EXERCISE INSTRUCTIONS
Skip the pictures and write out, word for word, the lines below from the one with "A wall-mounted desk" through the one with "新天水·天水日报记者 郭艳秋 摄", inclusive.
*** DATASET EXTRACT ***
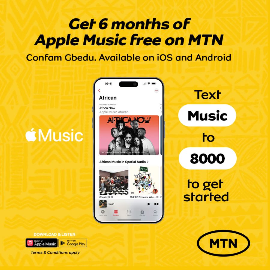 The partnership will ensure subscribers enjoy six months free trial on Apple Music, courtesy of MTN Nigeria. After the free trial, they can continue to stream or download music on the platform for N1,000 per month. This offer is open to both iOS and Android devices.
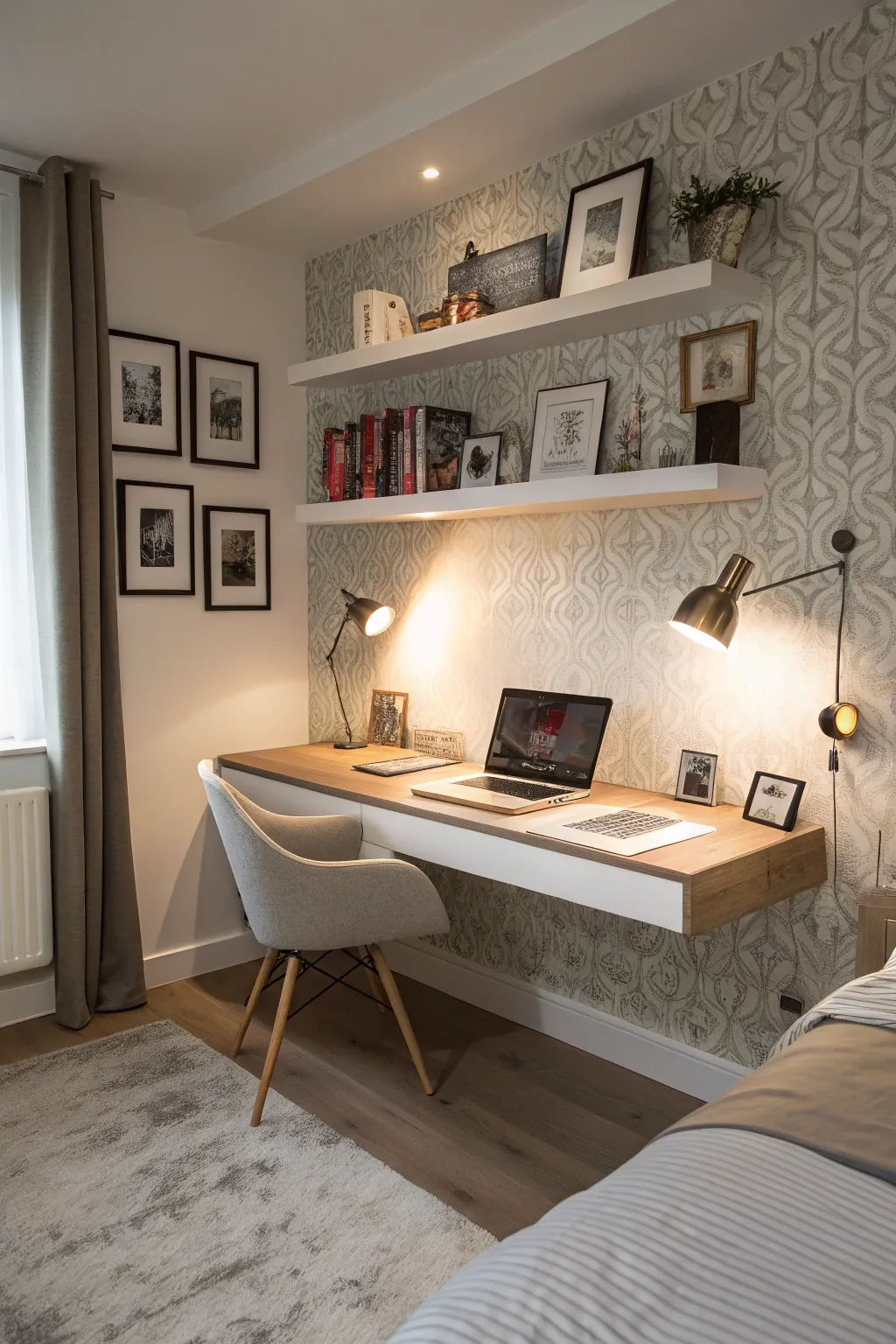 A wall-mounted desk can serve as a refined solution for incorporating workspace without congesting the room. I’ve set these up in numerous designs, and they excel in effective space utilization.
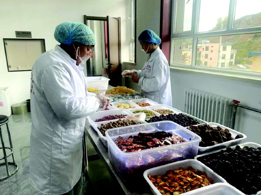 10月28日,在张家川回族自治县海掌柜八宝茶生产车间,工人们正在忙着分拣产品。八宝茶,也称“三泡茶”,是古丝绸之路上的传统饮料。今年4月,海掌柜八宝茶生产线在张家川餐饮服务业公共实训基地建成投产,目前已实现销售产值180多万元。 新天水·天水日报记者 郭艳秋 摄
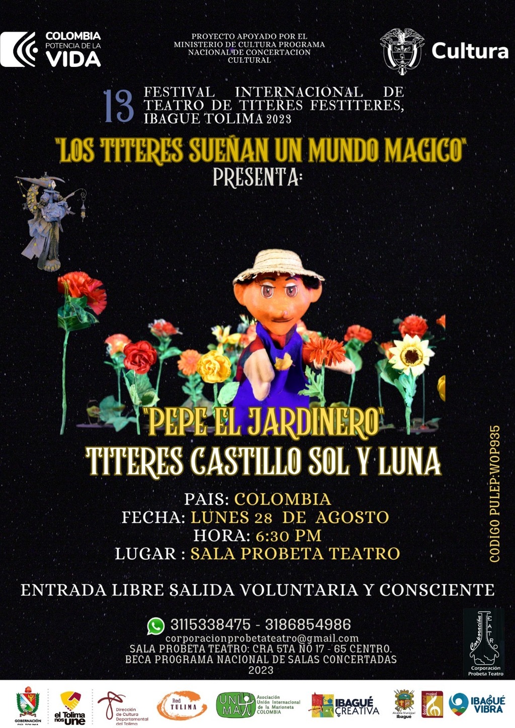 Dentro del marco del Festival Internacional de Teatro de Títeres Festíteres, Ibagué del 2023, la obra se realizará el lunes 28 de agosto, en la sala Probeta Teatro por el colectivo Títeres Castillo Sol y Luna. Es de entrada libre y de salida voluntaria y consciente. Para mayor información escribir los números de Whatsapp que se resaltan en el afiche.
*** End of DATASET EXTRACT ***
ANSWER BELOW
 A wall-mounted desk can serve as a refined solution for incorporating workspace without congesting the room. I’ve set these up in numerous designs, and they excel in effective space utilization.
 10月28日,在张家川回族自治县海掌柜八宝茶生产车间,工人们正在忙着分拣产品。八宝茶,也称“三泡茶”,是古丝绸之路上的传统饮料。今年4月,海掌柜八宝茶生产线在张家川餐饮服务业公共实训基地建成投产,目前已实现销售产值180多万元。 新天水·天水日报记者 郭艳秋 摄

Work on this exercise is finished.